No offense to Thomas Jefferson, but the first successful commercial winemaker in the U.S. was Nicholas Longworth of Cincinnati who produced a sweet sparkling wine with the local Catawba grapes around 1830. So, wine in American wasn't always about Napa Valley. This is all ancient history, isn't it? Surely no one could wrest the wine crown from the Golden State -- or could they?
W. Andrew Beckstoffer, the president of Beckstoffer Vineyards and the most highly regarded independent wine-grape grower in Northern California, delivered the keynote address “A California Wine Story: Can it happen again in the East?” to a sellout crowd at the Wineries Unlimited Trade Show and Conference on March 10 at the Valley Forge Convention Center. More than 2,300 from the wine industry representing 30 states as well as Washington, D.C. and four Canadian provinces attended the conference.
He provides background on how Robert Mondavi transformed the California wine industry and holds out hope that this accomplishment could be repeated elsewhere. He specifically references the East coast, but I would say that the Finger Lakes, Michigan, Ohio and Ontario have the terroir and grape production to make things interesting.
Special thanks to Richard Leahy, East Coast editor of Vineyard & Winery Management Magazine for providing the following excerpts from the Beckstoffer address.
"The California story is not unlike the story of a great vineyard. The total equals more than the sum of the parts. But an understanding of the parts can help attempts to repeat it.
"It wasn’t until 1967 that dry table wine sold more volume in the U.S. than sweet wines. So, any modern California story can start there less than 50 years ago. In 1970 Gallo bought 50% of the grapes produced in the Napa Valley. In 1970 the price per ton for Cabernet Sauvignon in Napa Valley was less than the price for the Napa Gamay variety.

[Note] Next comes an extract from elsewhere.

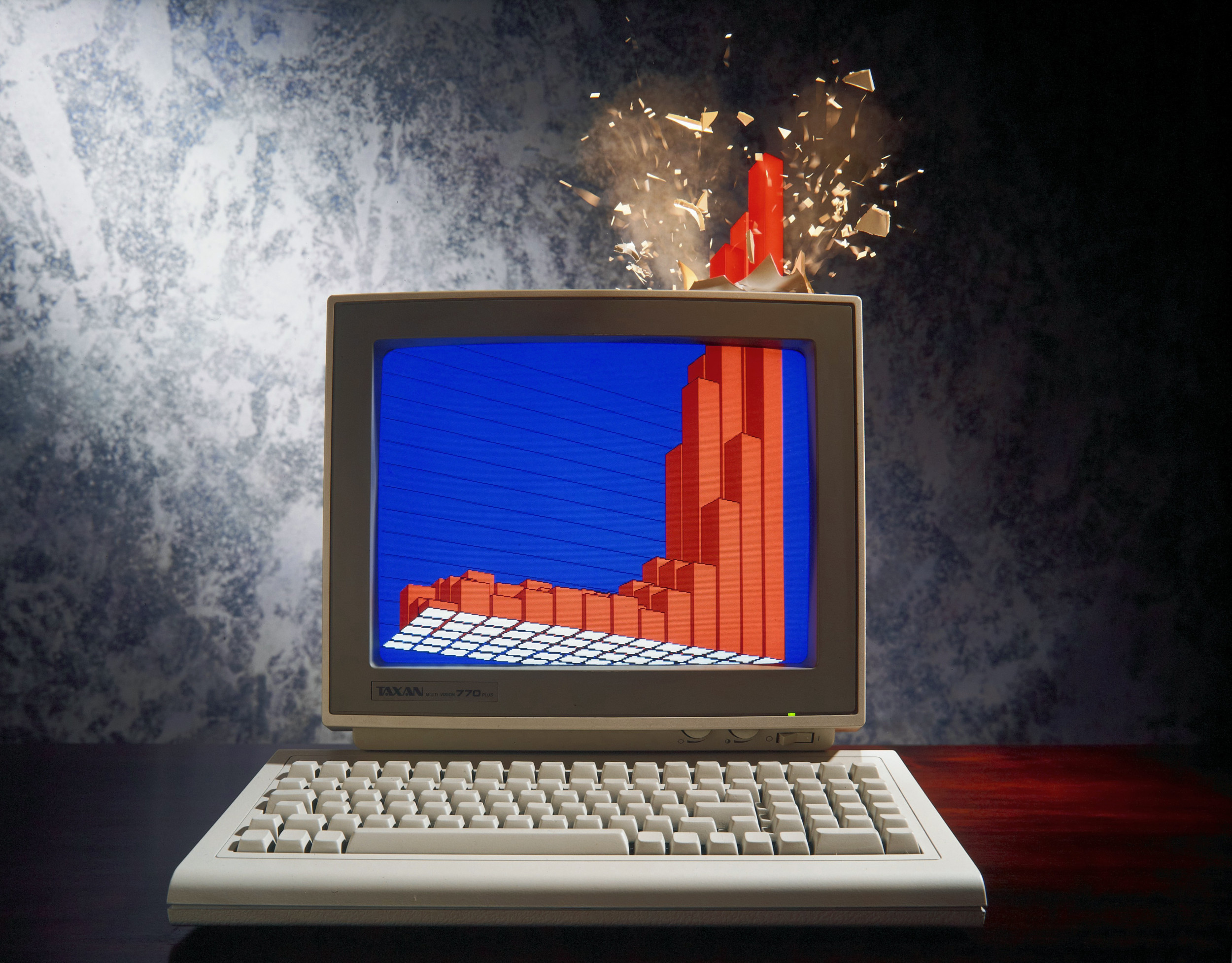 The electronics I learned in the Army gave me the knowledge to build high speed triggering systems and delaying timers. To create the image “Bull Market” I rigged Perspex models and fragments on top of a working computer monitor. Broken bits were then stuck on or hung from above on invisible tungsten wire. When all was ready, a blast of compressed air launched dust and paper fragments through the set. The air also initiated a timing sequence which fired the flashes a few milliseconds later. It took about a week to set up, test and shoot. “Reversal of Fortunes” was similar although the oversized set was much more complicated.

"Then came Robert Mondavi and the Napa Valley and California wine business were never the same again. Bob said that wine was part of the good life, and our wines were as good as the Europeans’. He talked a lot and he traveled a lot.
"We promoted quality, and vineyards, and vineyard history and focused on the location of our vineyards, their appellations—whether it be California or Napa Valley. Today there are no vintners in the Napa Valley. They are all “winegrowers.”
"Grape growing is a business and we organized for strength, analytical ability, leadership and a united front for a group of independent entrepreneur farmers. In 1975 we founded the Napa Valley Grapegrower Association to enhance the social, economic and political status of grapegrowers. Through this organization the grape farmers began to demand a seat at the table. The focus on vineyards and sustainability had its start!
"A disaster hit the Napa Valley in 1989. The modern phylloxera infestation ruined 95% of Napa’s vineyards. That was turned into an expensive but major opportunity by the Napa vineyard owners. Combating phylloxera required new rootstock but the Napa vineyardists replaced not only the rootings but also the scion woods, the vineyard spacing, the trellis systems, yield expectations, and most vine manipulation and irrigation schemes. The replanting was complete by the mid 1990’s and a new age of grape and wine quality began around 2000. Napa Valley took on a new leadership role in the world of grape and wine quality.
"Today the top wines are 'vineyard designates' with emphasis on the vineyard’s contribution to quality. California wines are agricultural products-- not products of some chemical manufacturing process.
"For the finest wines prices began to rise and we tied the price of grapes to the final retail bottle price. Generally, in agriculture the grower wants to overproduce and the processor wants to underpay. Our scheme eliminated that. Everyone worked for maximum quality in the grapes and the wine and for effective marketing. This brought an increase in wine quality.
"Before I leave this I would like to mention one item of concern to us all: the American appellation. Today federal labeling laws allow wines with an “American appellation” to contain up to 25% foreign wines. With the current global wine supply situation and cheap labor and government support overseas, it could become a major threat to the integrity and profitability of our business. The California Association of Winegrape Growers (CAWG) in conjunction with the New York Wine Grape Growers Association, and the Oregon and Washington associations of wine grape growers, have filed a petition with the TTB to eliminate this foreign component. I strongly urge you to become more knowledgeable about this situation and request your local organization to join us in this petition.
"Is there anything in that story that could not happen here on the East Coast or that doesn’t provide opportunity in 2010? There are 70 million millennium American young people aged 16 to 33 arriving on the scene and they are experimenting with wine early. They have little respect for history and their parents’ tastes. They can be viewed as a threat to California and an opportunity for you.
"Wines from the American East Coast could rival import sales in the U.S. and that would be wonderful for all of us. It’s up to you! California will likely always be the major player, but there is a larger spot for the Eastern U.S. wines if you want it. It’s a brand new world and East Coast wines have as much chance as anyone. I can hear a Pennsylvania-born Robert Mondavi saying just that today!"